++++ PROVIDED MATERIAL ++++

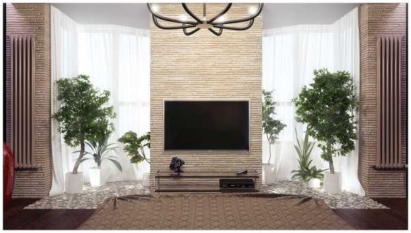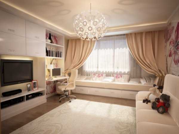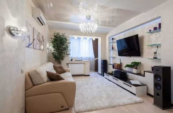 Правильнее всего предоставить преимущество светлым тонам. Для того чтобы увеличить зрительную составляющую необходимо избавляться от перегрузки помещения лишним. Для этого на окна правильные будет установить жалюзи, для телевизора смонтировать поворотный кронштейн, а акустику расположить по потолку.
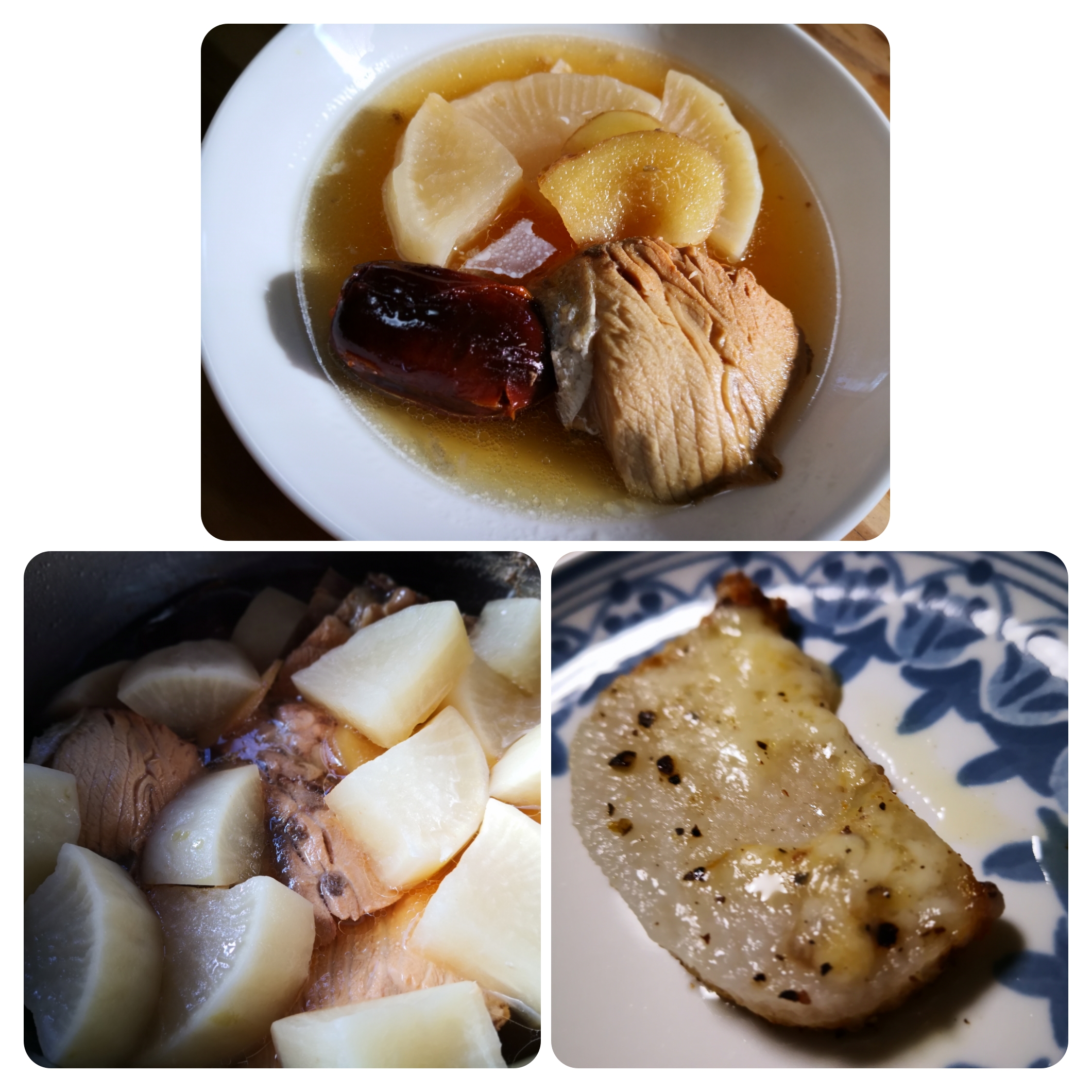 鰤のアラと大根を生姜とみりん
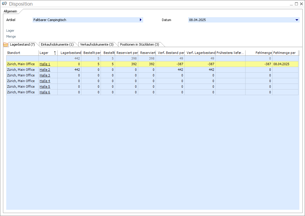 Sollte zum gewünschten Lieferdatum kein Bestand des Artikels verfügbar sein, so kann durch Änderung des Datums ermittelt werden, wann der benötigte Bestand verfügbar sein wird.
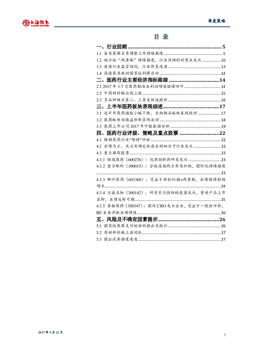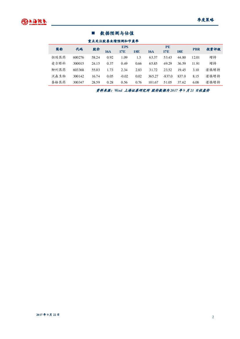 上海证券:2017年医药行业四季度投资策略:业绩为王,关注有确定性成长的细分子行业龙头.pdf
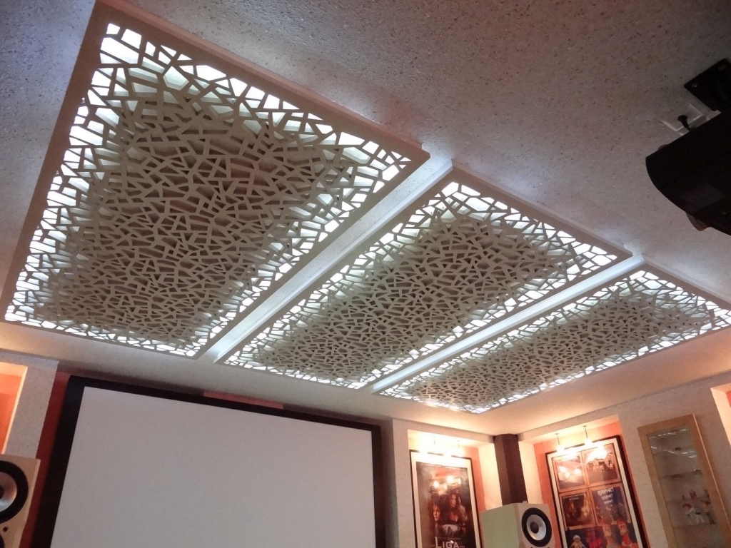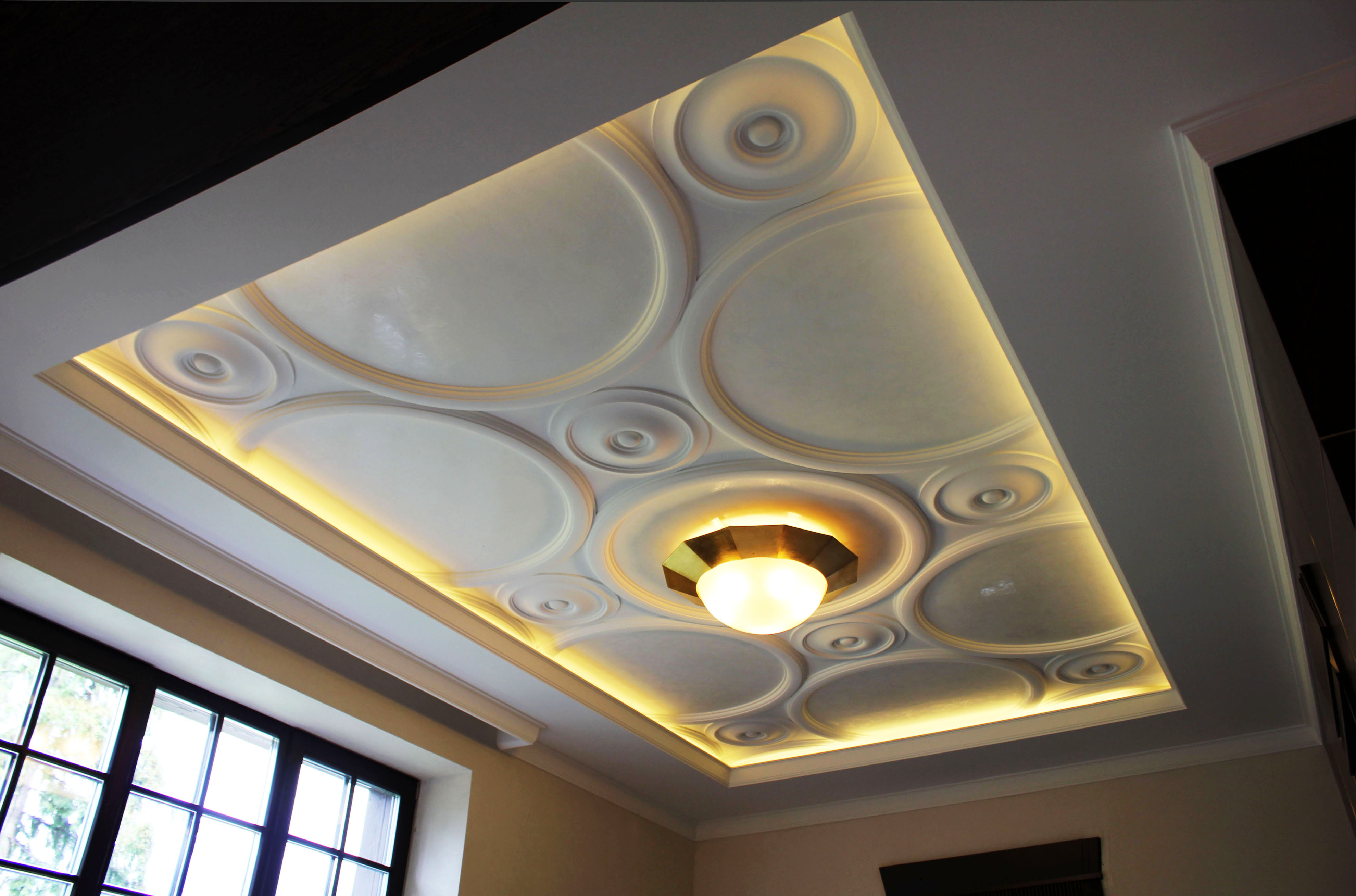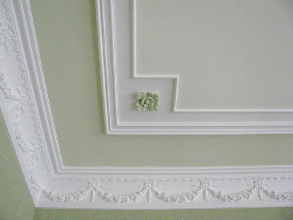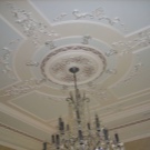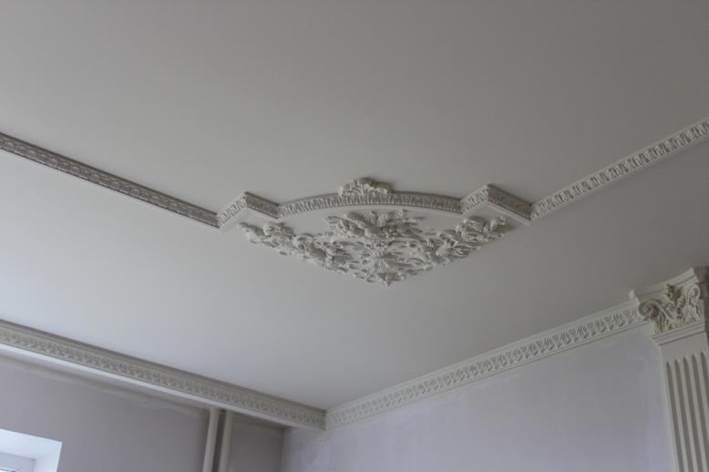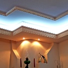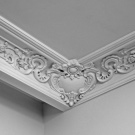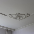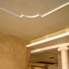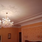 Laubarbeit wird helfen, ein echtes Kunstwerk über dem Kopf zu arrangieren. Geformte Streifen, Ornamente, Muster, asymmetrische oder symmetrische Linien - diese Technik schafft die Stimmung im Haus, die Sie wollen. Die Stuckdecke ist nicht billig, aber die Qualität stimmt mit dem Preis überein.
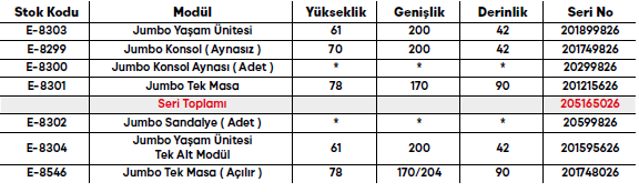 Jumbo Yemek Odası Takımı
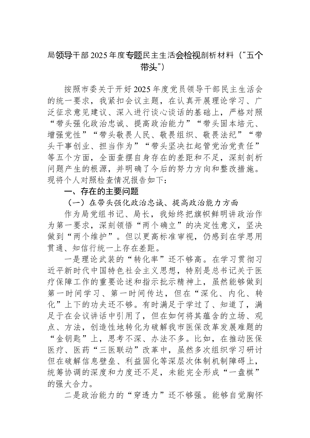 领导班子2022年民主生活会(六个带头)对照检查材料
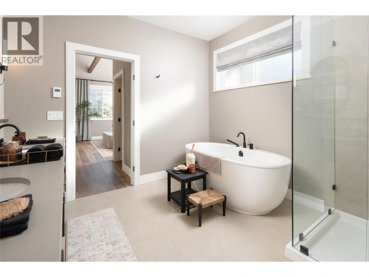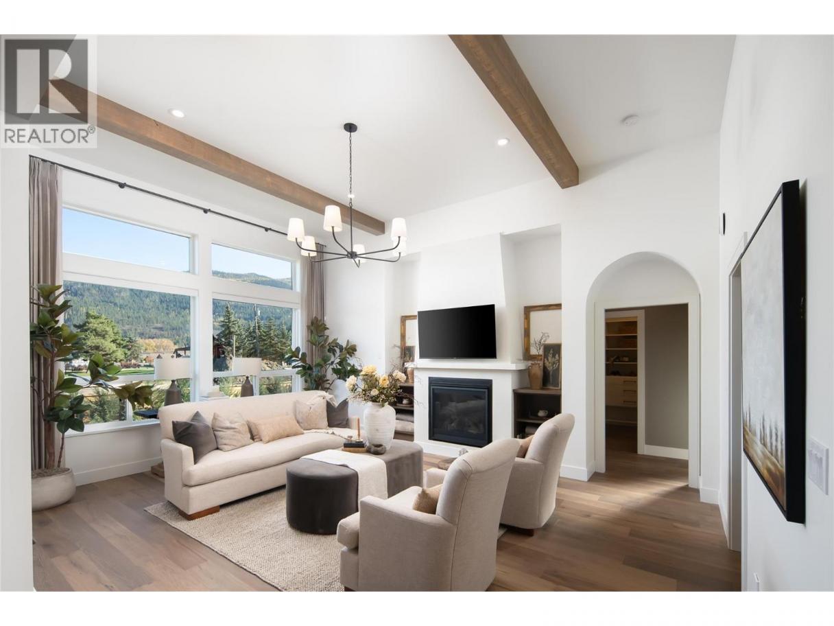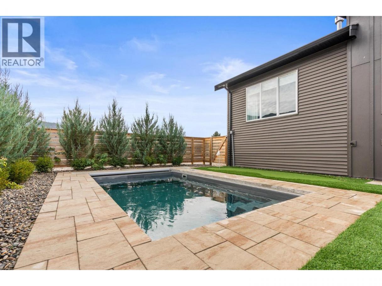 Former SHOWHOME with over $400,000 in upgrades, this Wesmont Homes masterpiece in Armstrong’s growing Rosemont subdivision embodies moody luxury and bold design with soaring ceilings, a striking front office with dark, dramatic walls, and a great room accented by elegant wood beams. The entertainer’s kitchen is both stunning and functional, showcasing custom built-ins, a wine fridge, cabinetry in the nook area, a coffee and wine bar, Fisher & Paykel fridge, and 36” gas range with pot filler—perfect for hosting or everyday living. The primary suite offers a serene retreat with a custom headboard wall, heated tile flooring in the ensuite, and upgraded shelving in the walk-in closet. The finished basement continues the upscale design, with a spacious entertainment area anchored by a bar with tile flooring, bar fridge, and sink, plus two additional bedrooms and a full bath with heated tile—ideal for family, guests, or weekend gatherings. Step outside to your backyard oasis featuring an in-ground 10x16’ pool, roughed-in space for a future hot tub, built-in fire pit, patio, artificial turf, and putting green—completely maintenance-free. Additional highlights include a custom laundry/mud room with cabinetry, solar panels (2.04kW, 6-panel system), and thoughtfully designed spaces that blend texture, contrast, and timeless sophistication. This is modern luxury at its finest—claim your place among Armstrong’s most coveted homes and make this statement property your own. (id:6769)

++++

__TASK STATEMENT__
Reproduce exactly the entries from their first line through the line containing "领导班子2022年民主生活会(六个带头)对照检查材料", including both, and omit any pictures.

__SOLUTION TO THE EXERCISE__
 Правильнее всего предоставить преимущество светлым тонам. Для того чтобы увеличить зрительную составляющую необходимо избавляться от перегрузки помещения лишним. Для этого на окна правильные будет установить жалюзи, для телевизора смонтировать поворотный кронштейн, а акустику расположить по потолку.
 鰤のアラと大根を生姜とみりん
 Sollte zum gewünschten Lieferdatum kein Bestand des Artikels verfügbar sein, so kann durch Änderung des Datums ermittelt werden, wann der benötigte Bestand verfügbar sein wird.
 上海证券:2017年医药行业四季度投资策略:业绩为王,关注有确定性成长的细分子行业龙头.pdf
 Laubarbeit wird helfen, ein echtes Kunstwerk über dem Kopf zu arrangieren. Geformte Streifen, Ornamente, Muster, asymmetrische oder symmetrische Linien - diese Technik schafft die Stimmung im Haus, die Sie wollen. Die Stuckdecke ist nicht billig, aber die Qualität stimmt mit dem Preis überein.
 Jumbo Yemek Odası Takımı
 领导班子2022年民主生活会(六个带头)对照检查材料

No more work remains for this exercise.